[Data shown Boundary: Start]
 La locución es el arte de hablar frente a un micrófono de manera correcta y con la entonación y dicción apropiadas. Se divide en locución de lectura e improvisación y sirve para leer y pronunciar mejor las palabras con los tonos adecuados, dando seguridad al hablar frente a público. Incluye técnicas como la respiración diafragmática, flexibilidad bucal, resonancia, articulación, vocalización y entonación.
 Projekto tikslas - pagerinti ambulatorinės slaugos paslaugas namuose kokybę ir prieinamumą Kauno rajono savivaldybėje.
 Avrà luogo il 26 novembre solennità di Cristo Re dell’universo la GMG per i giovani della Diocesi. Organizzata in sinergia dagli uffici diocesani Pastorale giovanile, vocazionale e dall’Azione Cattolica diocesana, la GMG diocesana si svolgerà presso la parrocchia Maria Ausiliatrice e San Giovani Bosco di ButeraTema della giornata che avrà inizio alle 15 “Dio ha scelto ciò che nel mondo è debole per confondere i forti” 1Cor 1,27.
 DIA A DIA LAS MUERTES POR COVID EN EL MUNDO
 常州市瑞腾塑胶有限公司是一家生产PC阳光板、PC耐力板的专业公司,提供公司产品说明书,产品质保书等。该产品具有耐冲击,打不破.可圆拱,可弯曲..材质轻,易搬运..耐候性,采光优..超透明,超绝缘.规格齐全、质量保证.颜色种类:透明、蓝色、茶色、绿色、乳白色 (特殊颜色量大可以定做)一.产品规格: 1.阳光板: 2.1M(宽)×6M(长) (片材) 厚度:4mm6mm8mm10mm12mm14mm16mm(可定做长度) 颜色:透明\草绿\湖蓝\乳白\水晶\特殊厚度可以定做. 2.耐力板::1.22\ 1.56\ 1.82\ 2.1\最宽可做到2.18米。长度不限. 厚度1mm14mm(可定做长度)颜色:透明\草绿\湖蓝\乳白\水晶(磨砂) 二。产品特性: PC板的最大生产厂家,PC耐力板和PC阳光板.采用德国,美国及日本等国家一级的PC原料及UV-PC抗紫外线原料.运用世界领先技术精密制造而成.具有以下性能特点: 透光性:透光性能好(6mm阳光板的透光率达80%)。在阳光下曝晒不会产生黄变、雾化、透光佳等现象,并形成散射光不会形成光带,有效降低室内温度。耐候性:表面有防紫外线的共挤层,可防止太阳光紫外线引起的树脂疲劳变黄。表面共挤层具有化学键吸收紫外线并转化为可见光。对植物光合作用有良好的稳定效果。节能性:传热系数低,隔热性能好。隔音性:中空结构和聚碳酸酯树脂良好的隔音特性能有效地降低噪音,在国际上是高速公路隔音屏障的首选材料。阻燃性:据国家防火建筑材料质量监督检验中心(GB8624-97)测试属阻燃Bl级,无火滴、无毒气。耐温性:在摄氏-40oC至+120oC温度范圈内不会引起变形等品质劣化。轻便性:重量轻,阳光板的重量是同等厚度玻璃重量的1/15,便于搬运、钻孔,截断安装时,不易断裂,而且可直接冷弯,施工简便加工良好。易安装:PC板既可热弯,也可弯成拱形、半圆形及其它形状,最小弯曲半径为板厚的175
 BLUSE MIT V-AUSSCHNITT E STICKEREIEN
[Data shown Boundary: End]
[Data shown Boundary: Start]
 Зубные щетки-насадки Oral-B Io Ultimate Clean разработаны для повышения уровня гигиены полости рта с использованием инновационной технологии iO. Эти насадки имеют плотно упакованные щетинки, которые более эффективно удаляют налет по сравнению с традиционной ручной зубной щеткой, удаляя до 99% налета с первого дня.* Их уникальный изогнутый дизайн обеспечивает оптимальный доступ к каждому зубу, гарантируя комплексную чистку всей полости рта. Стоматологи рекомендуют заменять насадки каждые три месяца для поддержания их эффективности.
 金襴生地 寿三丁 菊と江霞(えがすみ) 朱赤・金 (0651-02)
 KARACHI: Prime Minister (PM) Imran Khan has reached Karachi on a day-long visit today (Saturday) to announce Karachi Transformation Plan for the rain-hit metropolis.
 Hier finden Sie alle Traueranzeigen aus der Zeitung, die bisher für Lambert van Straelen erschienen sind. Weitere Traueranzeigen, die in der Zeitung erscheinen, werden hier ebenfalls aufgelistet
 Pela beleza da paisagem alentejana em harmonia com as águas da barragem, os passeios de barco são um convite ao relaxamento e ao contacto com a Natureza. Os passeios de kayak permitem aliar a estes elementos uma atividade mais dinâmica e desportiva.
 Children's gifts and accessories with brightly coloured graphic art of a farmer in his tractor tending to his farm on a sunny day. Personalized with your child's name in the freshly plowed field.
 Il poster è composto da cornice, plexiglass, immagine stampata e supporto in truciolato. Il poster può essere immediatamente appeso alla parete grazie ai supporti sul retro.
[Data shown Boundary: End]
- Task to carry out: Search the records above for "alle" and copy every line that has it.

- Task output:
 Avrà luogo il 26 novembre solennità di Cristo Re dell’universo la GMG per i giovani della Diocesi. Organizzata in sinergia dagli uffici diocesani Pastorale giovanile, vocazionale e dall’Azione Cattolica diocesana, la GMG diocesana si svolgerà presso la parrocchia Maria Ausiliatrice e San Giovani Bosco di ButeraTema della giornata che avrà inizio alle 15 “Dio ha scelto ciò che nel mondo è debole per confondere i forti” 1Cor 1,27.
 Hier finden Sie alle Traueranzeigen aus der Zeitung, die bisher für Lambert van Straelen erschienen sind. Weitere Traueranzeigen, die in der Zeitung erscheinen, werden hier ebenfalls aufgelistet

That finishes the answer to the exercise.